== Segment start ==

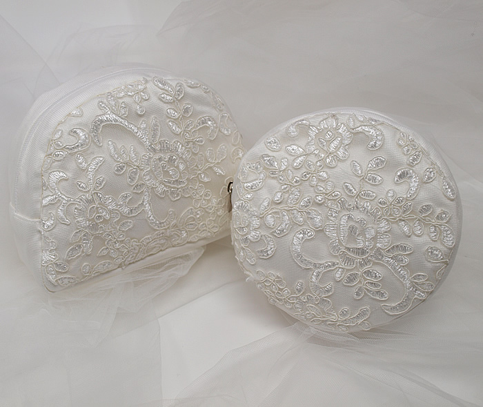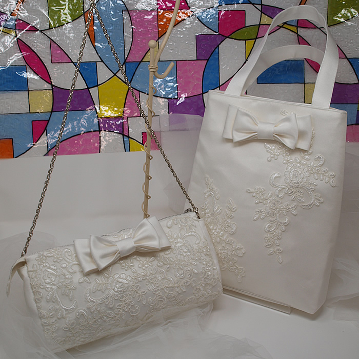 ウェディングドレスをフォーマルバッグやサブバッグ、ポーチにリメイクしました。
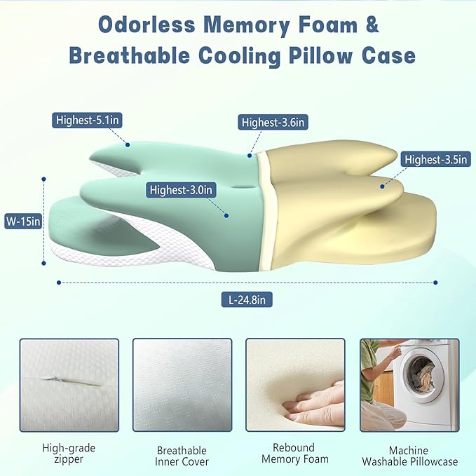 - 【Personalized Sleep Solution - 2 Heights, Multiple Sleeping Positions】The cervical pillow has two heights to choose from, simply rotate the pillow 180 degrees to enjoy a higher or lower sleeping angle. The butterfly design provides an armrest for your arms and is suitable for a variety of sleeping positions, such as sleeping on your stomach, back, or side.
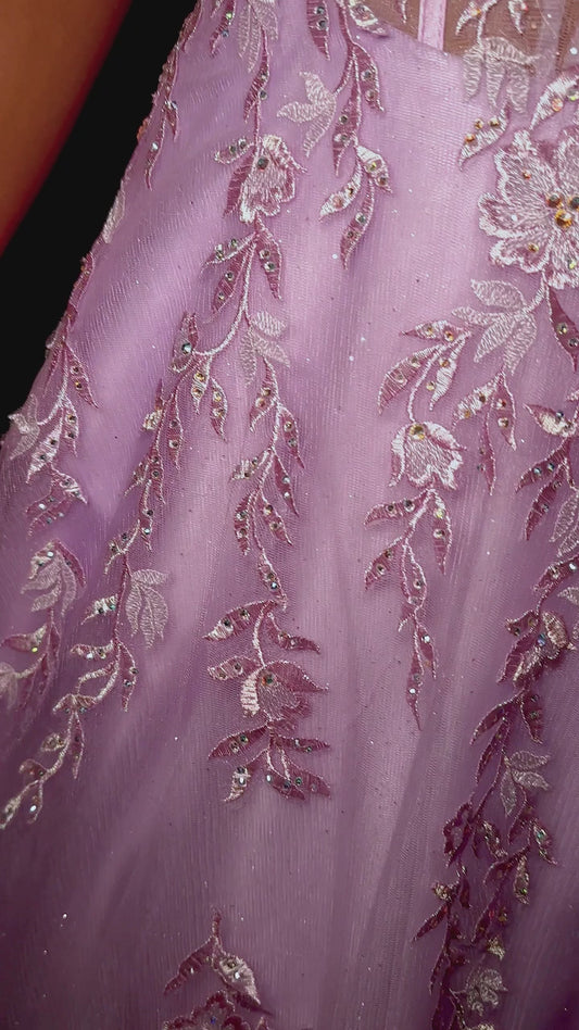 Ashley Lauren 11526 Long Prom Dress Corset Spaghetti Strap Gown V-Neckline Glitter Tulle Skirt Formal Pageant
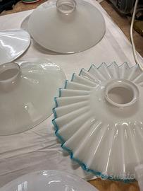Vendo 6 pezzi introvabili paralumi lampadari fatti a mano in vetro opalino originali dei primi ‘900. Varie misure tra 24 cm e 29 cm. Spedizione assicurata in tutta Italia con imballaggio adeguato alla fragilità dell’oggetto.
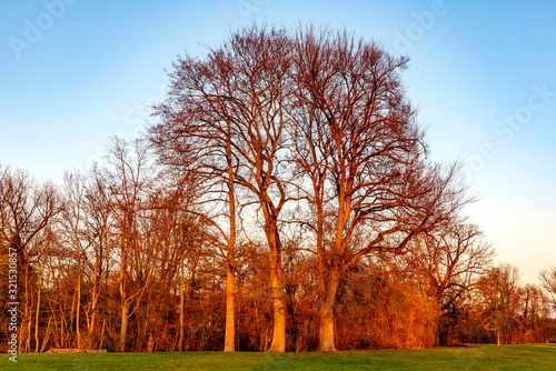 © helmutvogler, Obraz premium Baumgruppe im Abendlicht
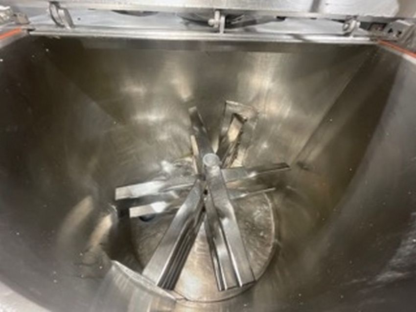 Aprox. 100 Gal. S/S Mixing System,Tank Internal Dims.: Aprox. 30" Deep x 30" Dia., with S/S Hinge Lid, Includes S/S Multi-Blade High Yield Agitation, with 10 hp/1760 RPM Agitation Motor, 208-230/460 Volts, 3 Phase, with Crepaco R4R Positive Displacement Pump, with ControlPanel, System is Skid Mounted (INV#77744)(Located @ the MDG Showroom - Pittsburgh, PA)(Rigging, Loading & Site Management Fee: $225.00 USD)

== Segment end ==
== Segment start ==

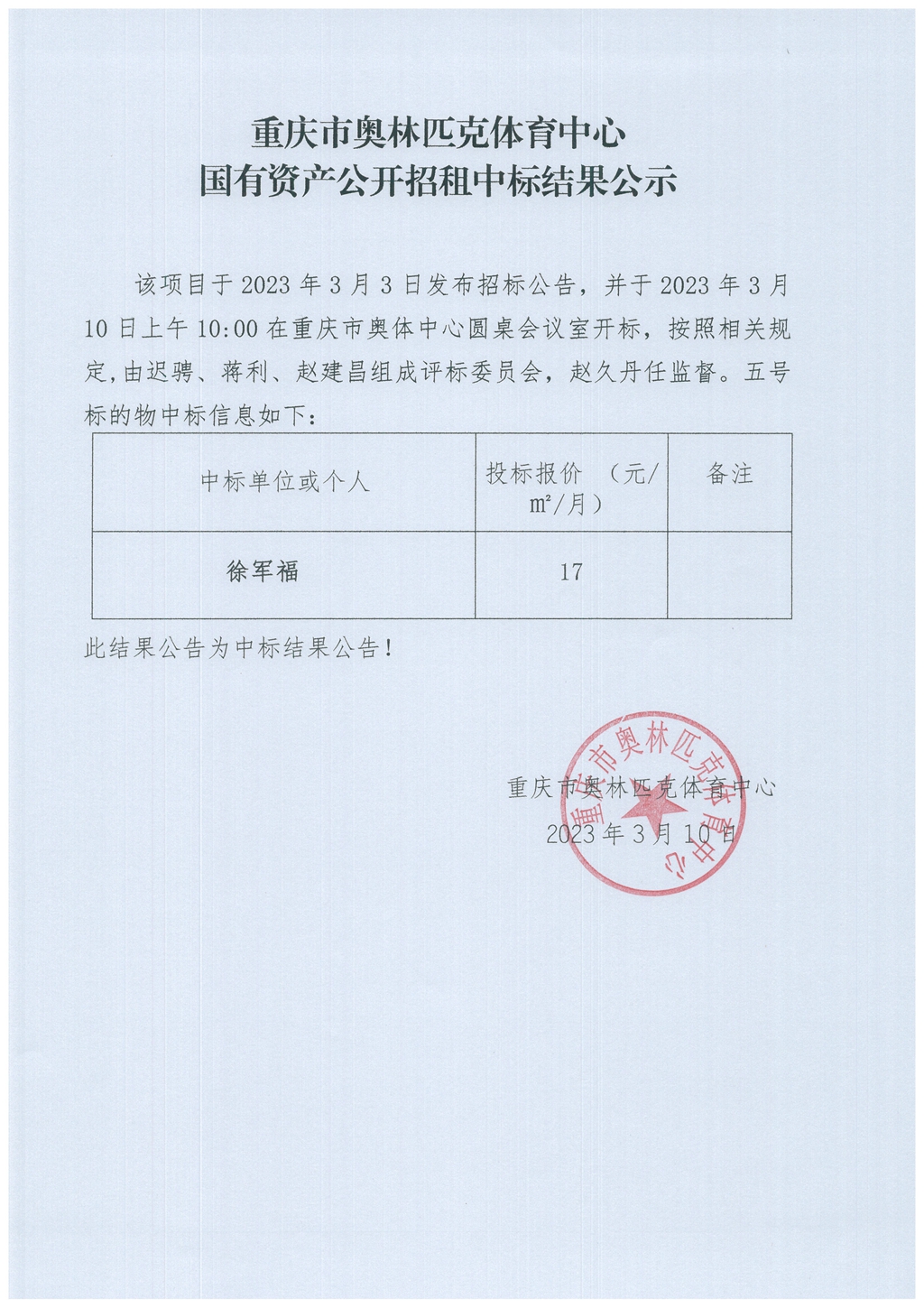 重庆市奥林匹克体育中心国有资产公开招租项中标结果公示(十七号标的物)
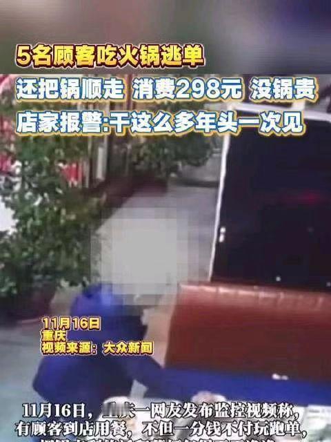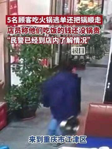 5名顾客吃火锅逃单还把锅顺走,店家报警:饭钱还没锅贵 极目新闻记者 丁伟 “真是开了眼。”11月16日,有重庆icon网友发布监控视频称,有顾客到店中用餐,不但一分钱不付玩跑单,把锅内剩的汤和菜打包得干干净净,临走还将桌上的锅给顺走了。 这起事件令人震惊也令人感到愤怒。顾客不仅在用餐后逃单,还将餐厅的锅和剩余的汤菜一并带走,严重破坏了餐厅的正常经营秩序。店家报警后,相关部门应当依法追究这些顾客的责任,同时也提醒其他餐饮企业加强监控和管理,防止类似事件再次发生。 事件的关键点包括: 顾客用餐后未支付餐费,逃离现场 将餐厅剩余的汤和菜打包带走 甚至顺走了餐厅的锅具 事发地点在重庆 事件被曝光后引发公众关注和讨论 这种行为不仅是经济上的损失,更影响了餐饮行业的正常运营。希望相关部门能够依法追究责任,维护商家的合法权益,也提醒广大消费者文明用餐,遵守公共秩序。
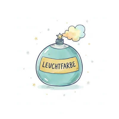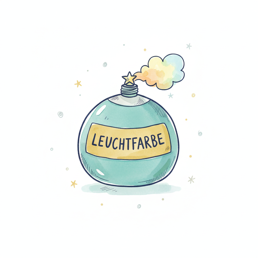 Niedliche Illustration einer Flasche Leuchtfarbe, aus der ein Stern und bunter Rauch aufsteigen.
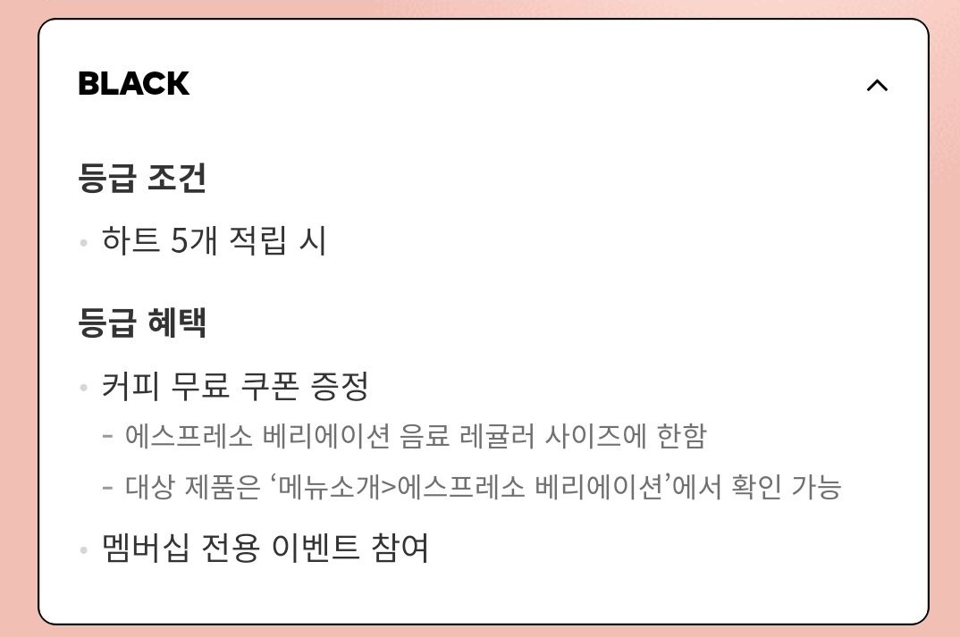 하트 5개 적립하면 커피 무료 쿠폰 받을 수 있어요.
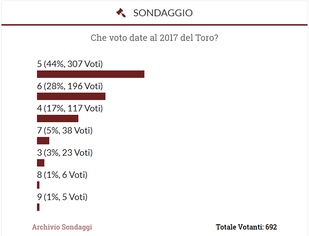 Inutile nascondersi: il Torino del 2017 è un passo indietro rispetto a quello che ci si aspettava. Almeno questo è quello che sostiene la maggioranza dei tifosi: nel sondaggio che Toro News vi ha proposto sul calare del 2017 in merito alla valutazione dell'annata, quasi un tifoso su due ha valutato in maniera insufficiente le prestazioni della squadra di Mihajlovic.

== Segment end ==
== Segment start ==

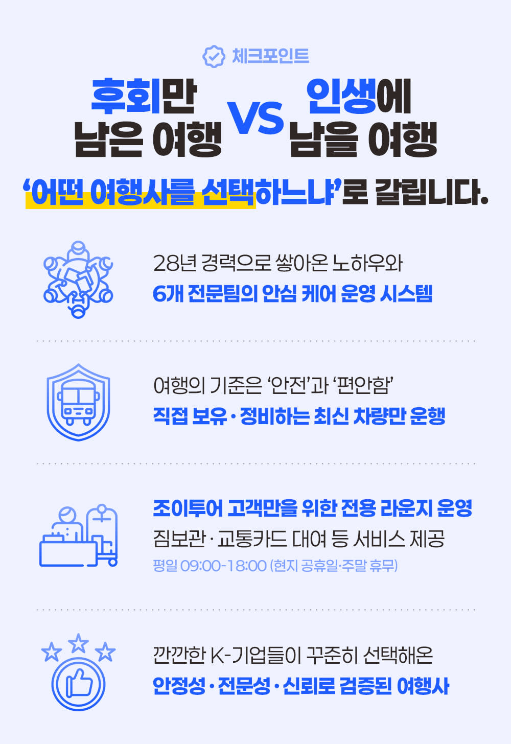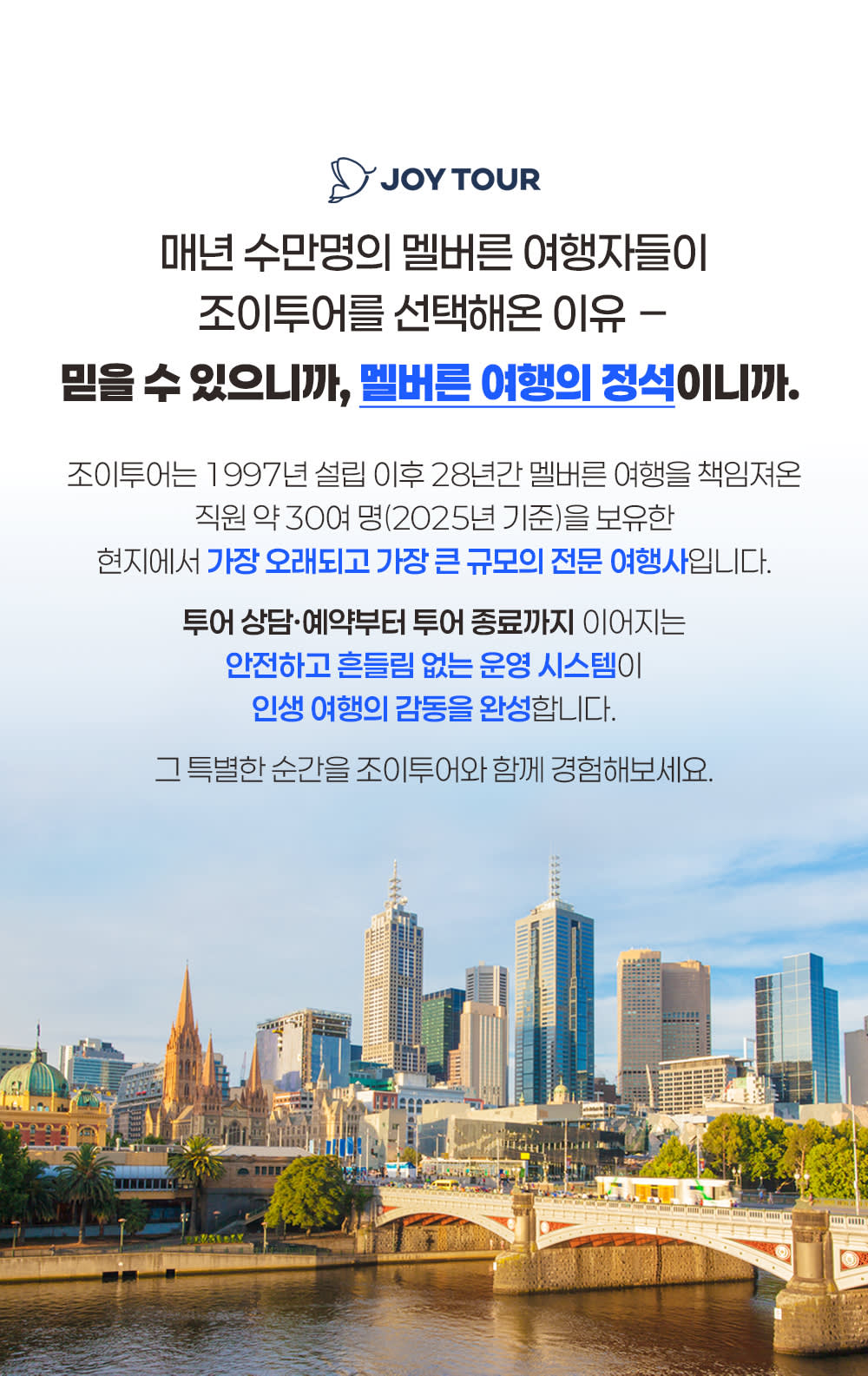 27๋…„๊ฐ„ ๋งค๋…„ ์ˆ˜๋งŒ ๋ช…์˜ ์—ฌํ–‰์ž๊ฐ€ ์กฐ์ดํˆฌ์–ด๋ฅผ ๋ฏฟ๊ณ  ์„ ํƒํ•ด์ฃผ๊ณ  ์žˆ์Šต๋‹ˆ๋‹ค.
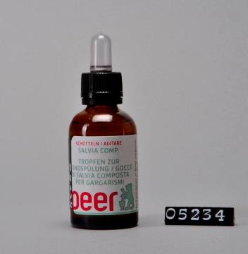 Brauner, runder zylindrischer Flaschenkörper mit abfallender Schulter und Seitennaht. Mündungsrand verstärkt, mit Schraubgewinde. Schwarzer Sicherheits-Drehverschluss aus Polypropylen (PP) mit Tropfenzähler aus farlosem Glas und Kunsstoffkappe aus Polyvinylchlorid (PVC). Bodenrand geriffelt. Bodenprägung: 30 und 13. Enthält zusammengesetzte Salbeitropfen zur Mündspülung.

== Segment end ==

Exercise goal
Give back the exact lines above, running from the one that has "Vendo 6 pezzi" through the one that has "Aprox. 100 Gal.", with nothing added and no pictures.

Solution to this exercise
Vendo 6 pezzi introvabili paralumi lampadari fatti a mano in vetro opalino originali dei primi ‘900. Varie misure tra 24 cm e 29 cm. Spedizione assicurata in tutta Italia con imballaggio adeguato alla fragilità dell’oggetto.
 © helmutvogler, Obraz premium Baumgruppe im Abendlicht
 Aprox. 100 Gal. S/S Mixing System,Tank Internal Dims.: Aprox. 30" Deep x 30" Dia., with S/S Hinge Lid, Includes S/S Multi-Blade High Yield Agitation, with 10 hp/1760 RPM Agitation Motor, 208-230/460 Volts, 3 Phase, with Crepaco R4R Positive Displacement Pump, with ControlPanel, System is Skid Mounted (INV#77744)(Located @ the MDG Showroom - Pittsburgh, PA)(Rigging, Loading & Site Management Fee: $225.00 USD)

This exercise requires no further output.